Schooner bound for Atlantic docks at Cooper’s Landing

Wednesday, September 14, 2005 | 12:00 a.m. CDT; updated 8:51 a.m. CDT, Tuesday, July 1, 2008

[Note: this story has been modified since its original posting.]

A 61-foot, 48-ton schooner docked Tuesday at Cooper’s Landing on the Missouri River on its way from Independence to Charleston, S.C.

“We are going to go there and start a charter business,” said J.C. Waters, owner and the builder of the Spirit of Independence.

Waters, who admitted to having no previous sailing experience, said it took 12 years to build the boat.

“It is a result of some serious part-time work,” said Waters, who said he worked mostly alone on the boat.


With no previous sailing experience, J.C. Waters spent 12 years building a schooner in his free time. Above, crew member Melvin Gosnell is visible through a porthole. (ANDREA CHILDRESS/Missourian)

“I have just been drawn to boats since a kid, and look what trouble this has got me into,” he said.

Waters, a teacher in Independence for 28 years, said he learned everything about boats himself.

“If a person sticks to it and digs out information in the books, they can do anything they want to,” he said.

The Spirit of Independence sailed out of Independence on Sept. 8 with a crew of six. His 30-year-old daughter, Joy Waters, who was a high school senior when he started planning the boat, is part of the crew.
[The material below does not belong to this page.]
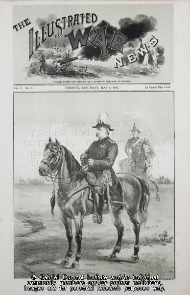 Description: Cover to The Illustrated War News, May 2, 1885. Note the title for this issue is not The Canadian Pictorial and Illustrated War News. Image of Major-General Frederick Middleton, commander of the Canadian Army during the 1885 Resistance. Also in the picture is Captain Wise, ADC. Vertical format and green wash. Acquired by the Gabriel Dumont Institute in April 2004.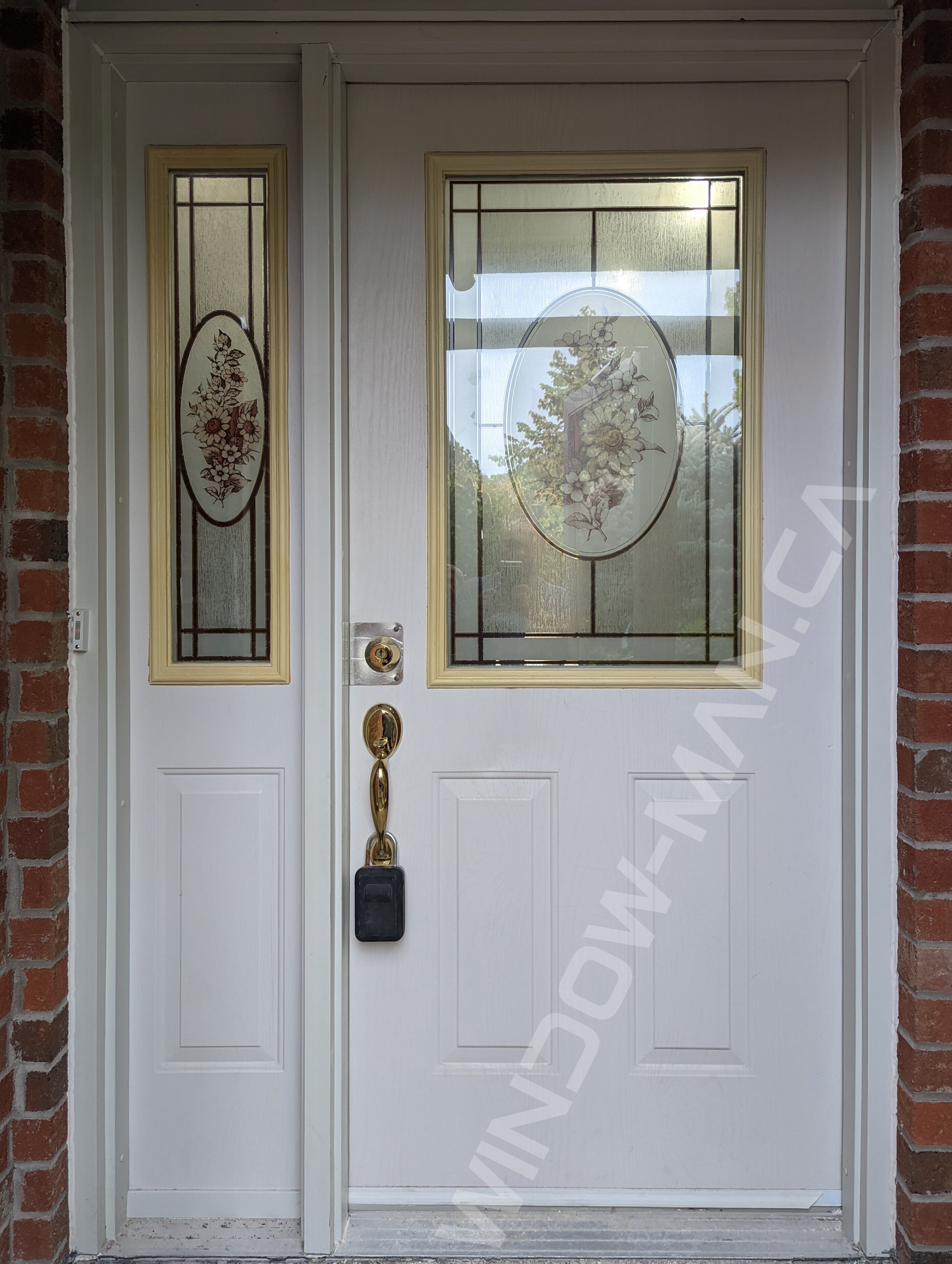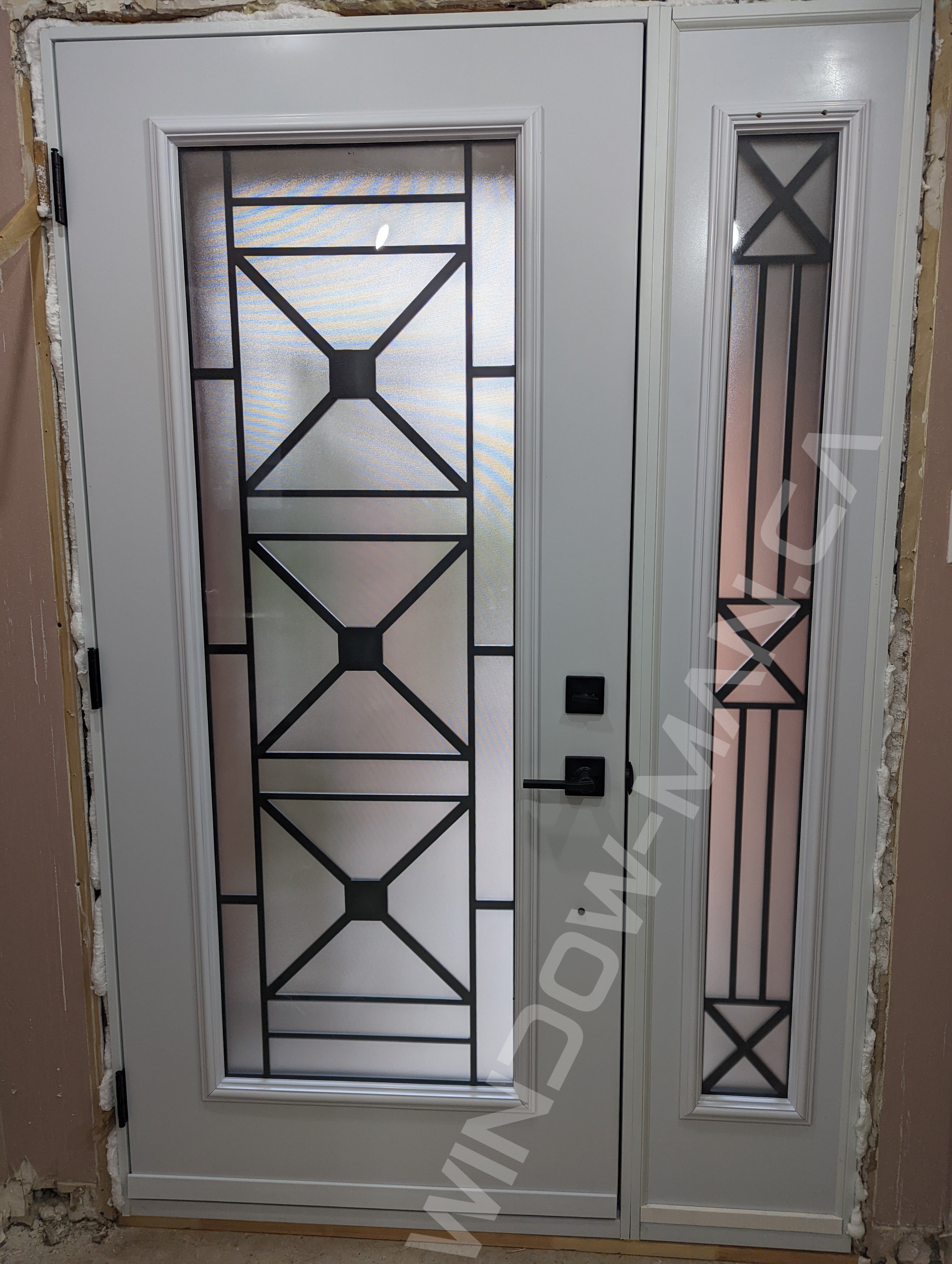 This black steel door with sidelight features a contemporary design with full Century wrought iron glass. In homes around Mississauga, it works well as a front entrance where you want both natural light and decorative detail.

Waters said the boat needs a crew of at least three, but it can accommodate 16. The fastest the boat can go is between 10 and 11 knots, he said.

Waters expects the trip to Charleston to take three months. Because they cannot use sails until they get to open water, the Spirit of Independence will run on engine power alone.

“If gas prices don’t increase too much, we might spend $6,000 to $8,000 on the fuel,” Waters said.

Although being on the river for three months may sound boring to many, that is not the case for the crew of the Spirit of Independence.

“It is kinda neat. I’ve been seeing a lot of birds, a lot of bald eagles,” said Linda Brink, a crew member.

The same is true for her husband, who visited Columbia on Tuesday.

“It was weird around all the people; I said, ‘I gotta get back to the river,’” said Mel Brink, also a crew member.

Waters said the schooner’s name is in honor of his hometown, and “it reflects what we are doing.”

Mike Cooper, the owner of Cooper’s Landing, said that Spirit of Independence is the largest boat that has ever docked at the Landing.